What is the first image comes to your mind when thinking about the Ice Age? According to my, the answer is Mammoths. Woolly Mammoths are the ancient ancestors of modern elephants. They were disappeared from the world during the time period of the last ice age due to several reasons. One major reason is losing their food. With the weather became warmer their food supply may be changed and they lost their foods supplies. Another main reason was hunting them down. Can you imagine how they looked like when they exist? In this article, I bring you some interesting factors about those creatures to aid you in getting the idea about how they would look in reality!
# Ears or the Woolly Mammoths were shorter than modern elephants.

As they lived in the Ice Age they had some adaptations to survive from cold. As much as their thick fur coat, their shortened ears helped them to survive in cold. They could keep those shortened ears closer to the head and kept them warm.
# Woolly Mammoth was the hardly mammoth in size

According to scientists size of a woolly mammoth was almost the same as a modern African elephant.

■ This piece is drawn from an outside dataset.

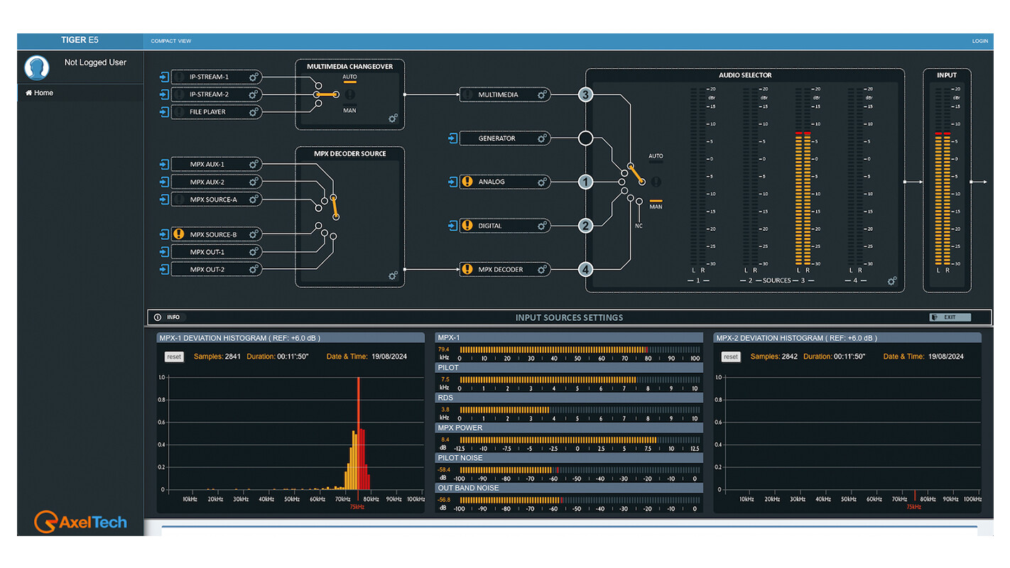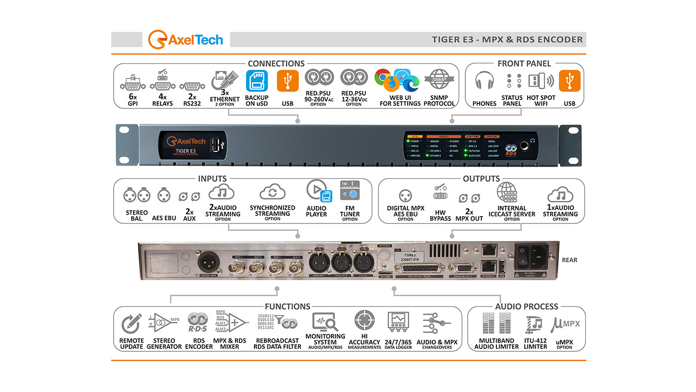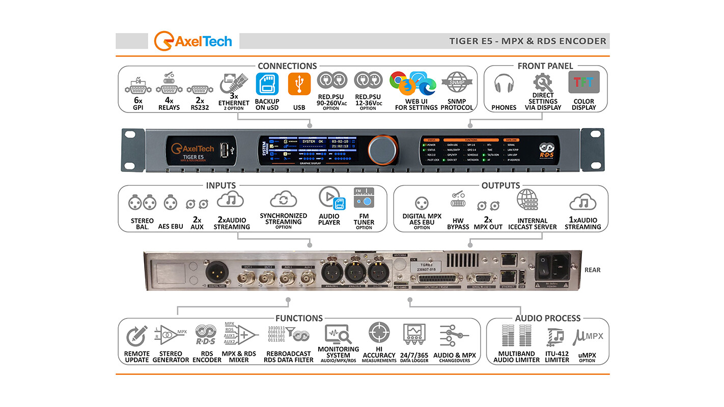 The MicroMPX lovers can now take advantage of all the additional options allowed by AxelTech Tiger E3/E5, like four channel changeover, backup SD card audio player, RDS post-processing, MPX, and RDS decoding for monitoring, and many more, which can satisfy any need at the transmitting site.

Usually, a male woolly mammoth weighed about 6 tons. And also usually its height was around 8 to 11 feet. Do you know which was the largest mammoth ever lived? It was the Steppe Mammoth which grew from 13 to 15 feet in height.
# Age of a Woolly Mammoth can be measured from its tusks

Scientists say that rings in mammoth tusk help to identify lots of valuable information about that individual. According to the rings in the tusks are similar to the rings on a tree trunk. But tusk rings are more detailed than rings in tree trunks. Scientists refer to major lines in the tusk as years and other lines as each one for a week. They also find the season in which a Woolly Mammoth died by referring dark increments in tusks to summers. Not only that, but scientists also tell about the health of the mammoth with the thickness of the tusk. As they say, tusks have grown thick when the mammoth was healthy.
# Cave paintings show the relationship between Woolly Mammoths and human
Scientists have found 158 cave paintings related to humans and Woolly Mammoth in Rouffignac cave in France. They represent the important relationship ice age humans had with these giant Woolly Mammoths. Besides, that scientists have found evidence to prove that ice age people have used bones and tusks for various needs. Furniture, Shelters, and tools are some of those needs.
# In 1799 first fully documented Mammoth skeleton was found

Those pieces were brought to the Zoological Museum of the Russian Academy of Science in 1806. Wilhelm Gottlieb Tilesuis is the person who reconstructed those pieces together based on a skeleton of an Indian elephant. But he did one mistake. He put tusks in the wrong sockets. So instead of curving inside, tusks were curved outside!